The antihypertensive activity of minoxidil is due to rapid relaxation of vascular smooth muscle by its sulphated metabolite, minoxidil sulphate.[12,13] The conversion of minoxidil to minoxidil sulphate is catalysed by sulphotransferase enzymes. Minoxidil sulphotransferase activity was initially demonstrated in rat liver[12] and has since been found in human liver,[14] platelets[15] and epidermal keratinocytes,[16] as well as in mouse vibrissae follicles,[17] rat pelage and vibrissae follicles and rat epidermal keratinocytes.[18,19] In scalp skin of stumptail macaques, sulphotransferase activity is largely localized in the hair follicle.[20] In rat pelage and vibrissae follicles, immunoreactivity for minoxidil sulphotransferase was seen in the outer root sheath.[18]

Five human cytosolic sulphotransferase genes have been discovered to date. They encode three classes of enzymes responsible for sulphating phenols and catecholamines, oestrogens and hydroxysteroids.[21] In human liver extracts, sulphation of minoxidil is catalysed by at least four sulphotransferases. Biochemical evidence for minoxidil sulphation by two phenol sulphotransferases has been found in human scalp skin[22] and Dooley[21] reported finding mRNA expression for four sulphotransferases in human epidermal keratinocytes. There are interindividual variations in scalp sulphotransferase activity and this correlates with the level in platelets.[22] In a clinical setting, scalp sulphotransferase activity was higher in men who responded to minoxidil compared with those who did not respond.[23]

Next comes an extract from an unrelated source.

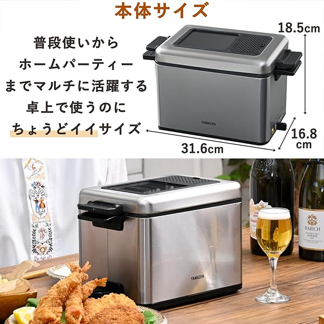[山善] フライヤー 家庭用 電気フライヤー 卓上 865ml 「少ない油で揚げられる/使用油量約40%削減」 温度調節機能 1000W ローオイルフライヤー 油切り網付き シルバー YAG-L100(S)
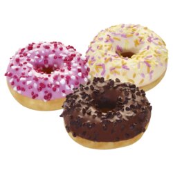 Mini Party Donut - bloem (TARWE, rijst), plantaardige oliën en vetten (palm, koolzaad, kokos, shea), water, suiker, gist, dextrose, zoet weipoeder (MELK), magere MELKpoeder, lactose (MELK), SOJAbloem, zout, TARWEgluten, emulgator (E471, lecithinen, E481), rijsmiddel (E450, E500), natuurlijk aroma, gedesactiveerde gist, glansmiddel (E904, arabische gom), kleurstof (E162, curcumine, paprika-extract). Mini Choco Donut - bloem (TARWE), plantaardige oliën en vetten (palm, koolzaad), water, suiker, cacaomassa, magere MELKpoeder, gist, dextrose, SOJAbloem, magere cacaopoeder (0,7%), zout, TARWEgluten, emulgator (E471, E481, lecithinen), rijsmiddel (E450, E500), zoet weipoeder (MELK), cacaoboter, MELKvet, natuurlijk vanille-aroma, gedesactiveerde gist, natuurlijk aroma. Mini Pinky Donut - bloem (TARWE, rijst), plantaardige oliën en vetten (palm, koolzaad, kokos, zonnebloem), suiker, water, gist, dextrose, zoet weipoeder (MELK), magere MELKpoeder, lactose (MELK), SOJAbloem, zout, TARWEgluten, emulgator (E471, E481, lecithinen), rijsmiddel (E450, E500), cacaoboter, natuurlijk aroma, glucosestroop, geconcentreerd rode bietensap, glansmiddel (E904, E901), gedesactiveerde gist, zuurteregelaar (citroenzuur), geconcentreerd vlierbessensap.

Minoxidil sulphate is one of several chemically unrelated drugs which cause opening of plasma membrane adenosine triphosphate (ATP)-sensitive potassium channels (KATP channels), and its relaxant effect on vascular smooth muscle is mediated through this mechanism.[24,25] KATP channels are heteromultimers composed of a small subunit that belongs to the inwardly rectifying potassium channel superfamily (KIR6.1 or KIR6.2), and a large sulphonylurea receptor (SUR1, SUR2A or SUR2B) that binds sulphonylureas and ATP and belongs to the ATP-binding cassette (ABC) superfamily.[26] SUR1/KIR6.2 KATP channels are found in pancreatic and neuronal tissue, whereas SUR2A/KIR6.2 and SUR2B/KIR6.1 (or KIR6.2) form the cardiac and vascular smooth muscle KATP channels, respectively. Potassium channel openers act through binding to the sulphonylurea receptor moiety.[26]

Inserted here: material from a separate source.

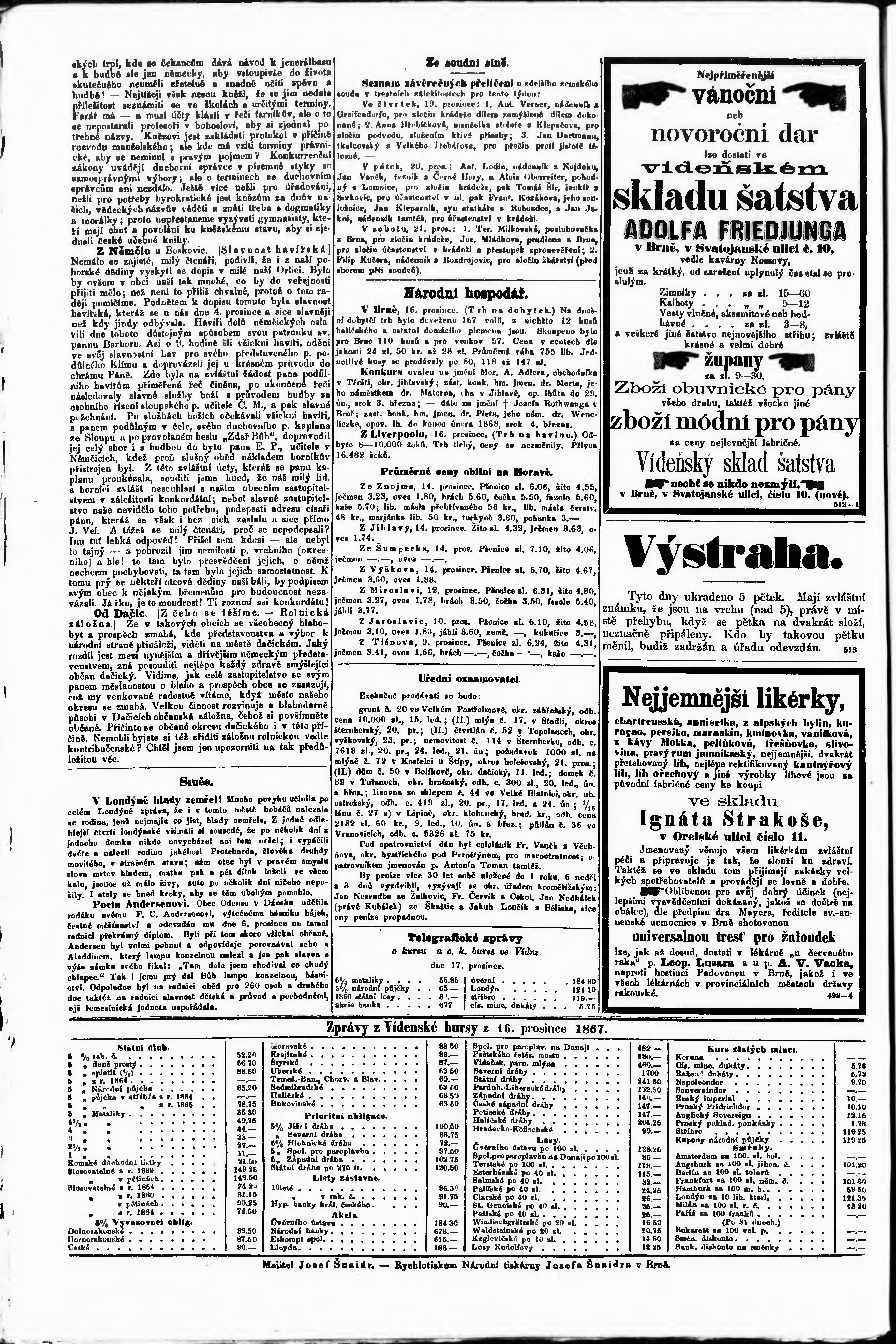 * Datum vydání výtisku: 18.12.1867 Číslo výtisku: 291

KATP channels are widely distributed in a variety of tissue and cell types, including cells of the heart, pancreas, vascular smooth muscle and the central nervous system, where they couple intracellular metabolic changes to the electrical activity of the plasma membrane.[27] These potassium channels sense the metabolic state of the cell -- channel opening is inhibited by ATP when energy levels are high and is activated when energy stores are depleted.[28] The consequence of KATP status depends on the cell and tissue type. For example, in pancreatic ß cells, KATP channels are involved in regulating insulin secretion. In vascular smooth muscle cells the vasodilating action of potassium channel openers is due to membrane hyperpolarization and a reduction in Ca2+ influx, which reduces the electrical excitability of the cell. It has also been suggested that potassium channel activity is required for early-stage cell proliferation by G1 progression of the cell cycle.[29] Minoxidil was shown to increase DNA synthesis, whereas glibenclamide suppressed DNA synthesis in rat primary hepatocyte cultures.[30] Hepatocyte potassium currents were augmented by minoxidil and attenuated by glibenclamide.